Gone are the days of accidentally getting in the shower with my underpants, but somehow I feel we are regressing back to our old sleep deprived ways. I can't bear to go back. Not when we've come so far and have made such progress with sleeping through the night and all.
He must be going through some sort of growth spurt. His hands and feet did look noticeably bigger today. Maybe in a few days once my little monkey boy stops growing his digits he'll feel like sleeping again. One can only hope.
Wednesday, August 9, 2006
I'm sorry kid, but if that's the only way you're going to take my boob, we have got to re-examine this 1 year breast feeding contract. I think the contract is considered null and void the second I have to get on all fours. So, as any good, guilt ridden mother would, I pulled all the shades, locked the nursery door & got down on all fours. Jake just looked up at me and started squealing and giggling like I was Coco the Clown. Even my child finds this completely absurd. Needless to say, it didn't work so I'm back to square one. What happened to the Jake I knew that would nurse for 30 minutes like he was at his own private pub, burp and then pass out?
Have I ever mentioned how much I hate pumping? Because of this strike, I've had to pump in order to keep from drying up. It hurts and it makes this humiliating sound. It actually makes this MOO-eeee sound which confirms the feeling that you are just this big cow attached to some medieval bovine milking machine. I would imagine this device was probably invented by some dimented dairy farmer who hated women. As I sit in the living room feverishly pumping away with the shades drawn, I watch my little nipples get sucked into 6 inch long purple versions of what the once were. And after a half an hour of that, I get to put my sad little shot glass of milk in the refrigerator for safe keeping. Sometimes I wonder if it's really worth it. Is a better immune system and IQ really that important??? Would this so called devil juice other people call formula really ruin my child's self esteem and his ability to stave off ear infections? I sit and ponder this as my poor nurps get stretched in and out of the pump. Hopefully this strike will pass and we'll resume nursing happily like we once did. But for now, MOOOOOOOOOOOO-eeeeeeeeeeeee.
Saturday, August 5, 2006
This is one of the coolest products I've found out there for little guy - he loves to sit up these days and until now, I've had to sort of prop him up with pillows & call him Fort Jacob. But now, I have a Bumbo (the spongy, blue thing wrapped around Jake). It's this strange little seat that traps him happily into a proper sitting position. One more thing to have lying around our living room.

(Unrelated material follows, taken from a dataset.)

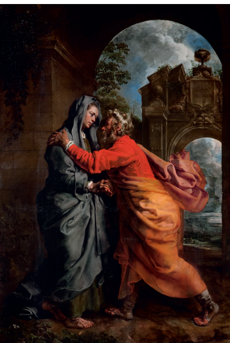
Theodoor van Loon, De ontmoeting van Joachim en Anna bij de Gouden Poort, 1616 BASILIEK VAN ONZE-LIEVE-VROUW VAN SCHERPENHEUVEL

Oh, and he also enjoys reading about dinosaurs now. He's like a little intellectual. I'm so proud.
Friday, August 4, 2006
These are all of Jake's little buddies in the Mommy & Me class that we attend every Monday. It's sort of funny because as you can see, the babies are completely oblivious to one another. I often wonder who the class is really for. I do have to admit that I enjoy getting together with other mums in the group and sharing stories and issues about baby sleeping habits, sore nipples and poop consistencies (the babies of course) etc. All things I never thought I'd feel the need to share. Go figure. There is a weird sort of camaraderie you get with the other moms.
(Jakes's at the bottom center with the blue bib)
My name is Chudley, ahem, I mean Jacob.
I was born April 4th, 2006
an impressive 7 lbs. 12 oz. & 21 in. long
Talents: smiling, being cute
I enjoy: long walks in my stroller, my swing, my starship commandcenter, screaming, pooping, chewing on my hands, boobs & my lovely parents
I've decided to start this blog in order to bring those who can't physically be near this little ray of sunshine, closer. I will do my best to document any interesting and notable happenings in Jake's life and what it's like to be his mama.